═══ Information supplied ═══
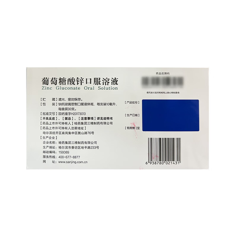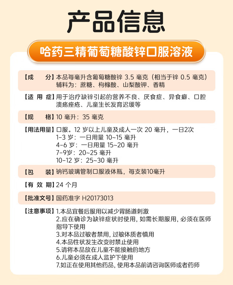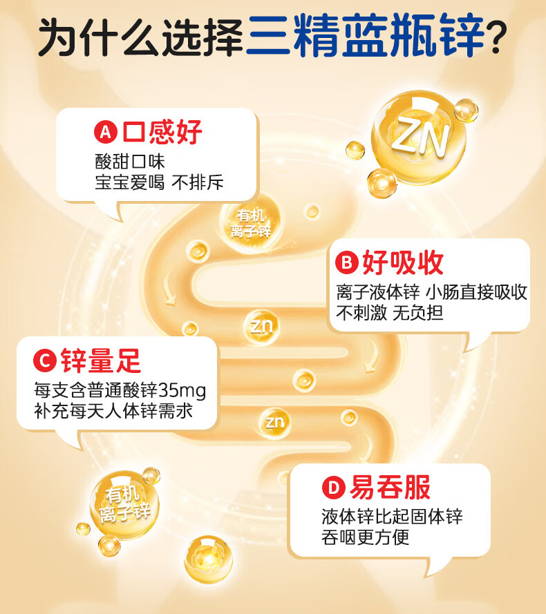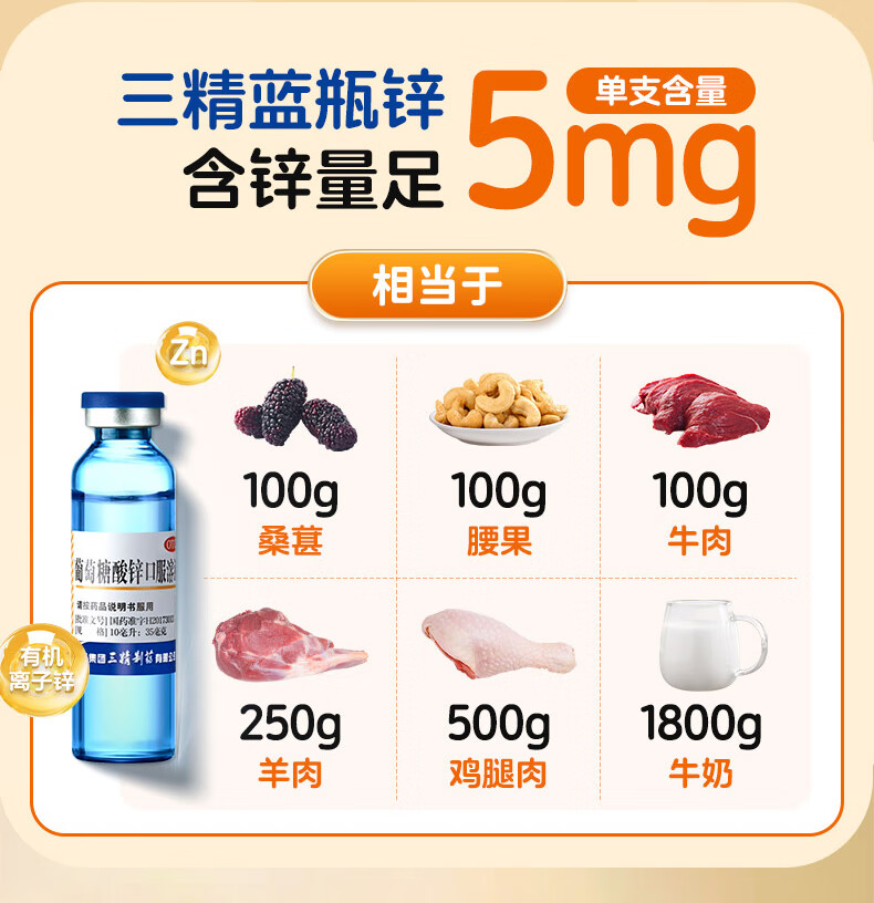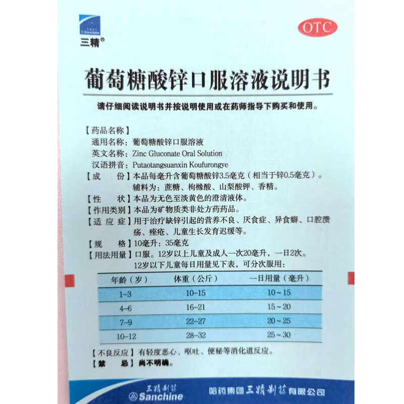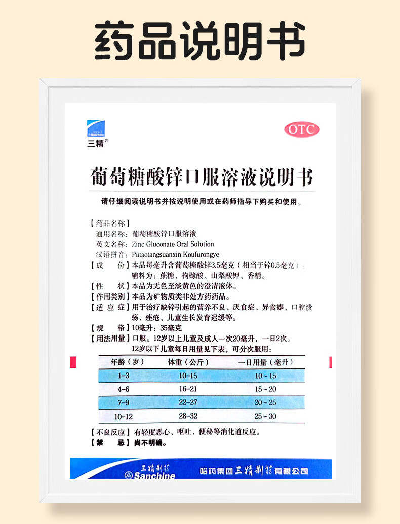 三精葡萄糖酸锌口服溶液10ml*30支非葡萄糖酸钙锌溶液1-3-17岁儿童青少年成人中老年补锌改善挑食非钙铁锌钙片
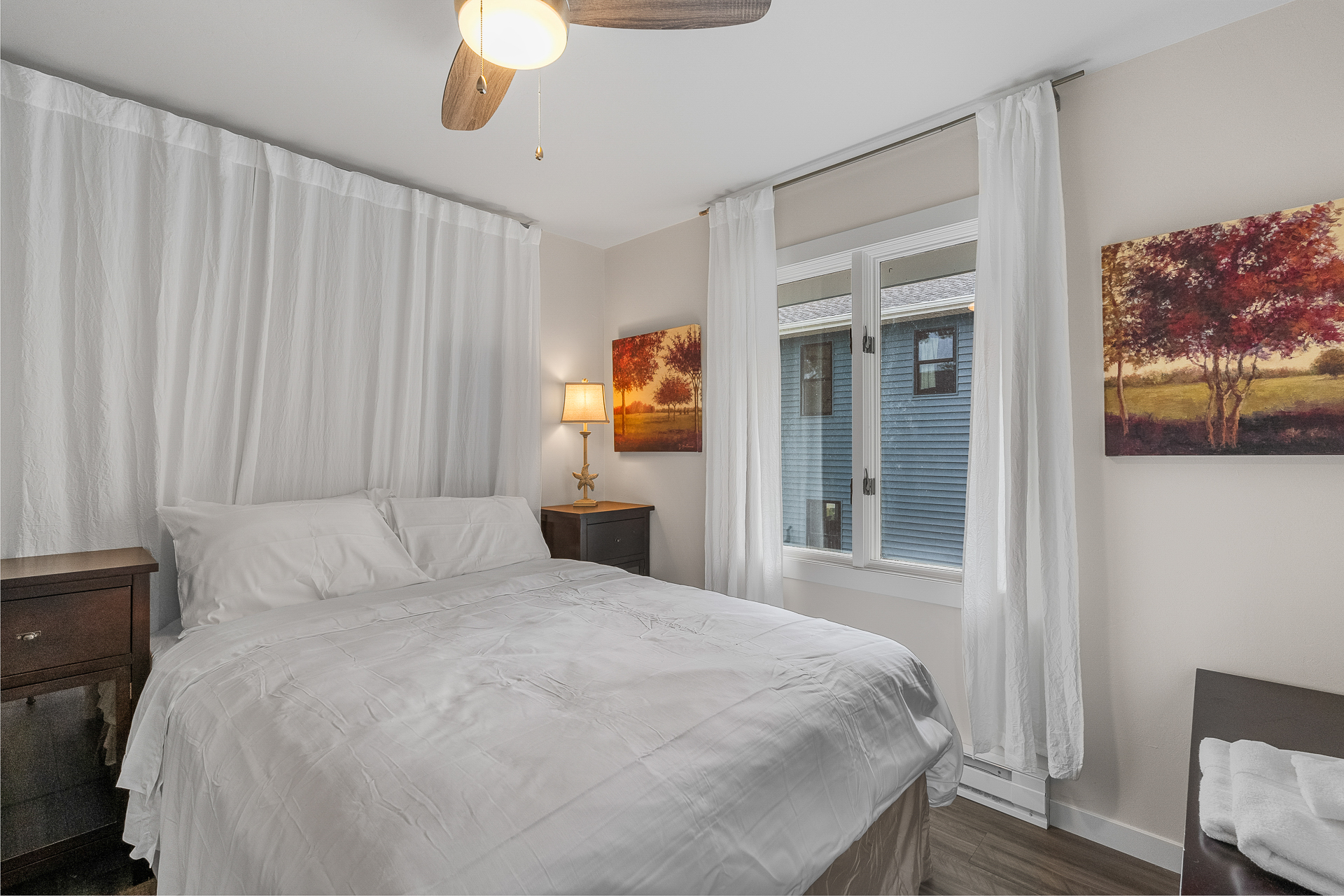 Bedroom 3 (main level): Queen Sized bed, ceiling fan, room darkening shades, hangers, and extra pillows
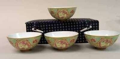 Of rounded form raised on a short foot rim, the exterior enameled with roundels of stylized dragons on a ground of stylized lotus amid green and blue scrolling leaves above a squared scrolling band at the foot, base marked Qianlong.
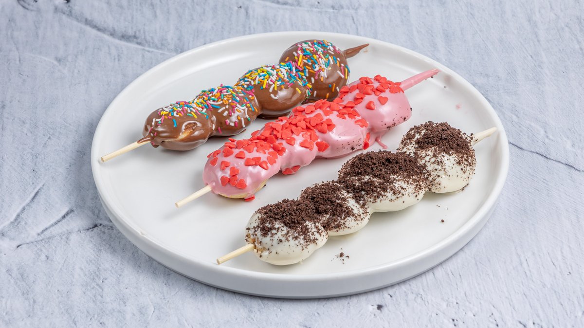 Τρία σουβλάκια από mini pancake με τέσσερα mini pancake σε κάθε ξυλάκι με λευκή πραλινα μπισκότο oreo, πραλίνα φράουλα με κόκκινες καρδιές και πραλίνα σοκολάτας με τρούφα πολύχρωμη.
═══
**Aim of the exercise:**
Give back all of the data exactly, but not the pictures.

**Finished exercise:**
 三精葡萄糖酸锌口服溶液10ml*30支非葡萄糖酸钙锌溶液1-3-17岁儿童青少年成人中老年补锌改善挑食非钙铁锌钙片
 Bedroom 3 (main level): Queen Sized bed, ceiling fan, room darkening shades, hangers, and extra pillows
 Of rounded form raised on a short foot rim, the exterior enameled with roundels of stylized dragons on a ground of stylized lotus amid green and blue scrolling leaves above a squared scrolling band at the foot, base marked Qianlong.
 Τρία σουβλάκια από mini pancake με τέσσερα mini pancake σε κάθε ξυλάκι με λευκή πραλινα μπισκότο oreo, πραλίνα φράουλα με κόκκινες καρδιές και πραλίνα σοκολάτας με τρούφα πολύχρωμη.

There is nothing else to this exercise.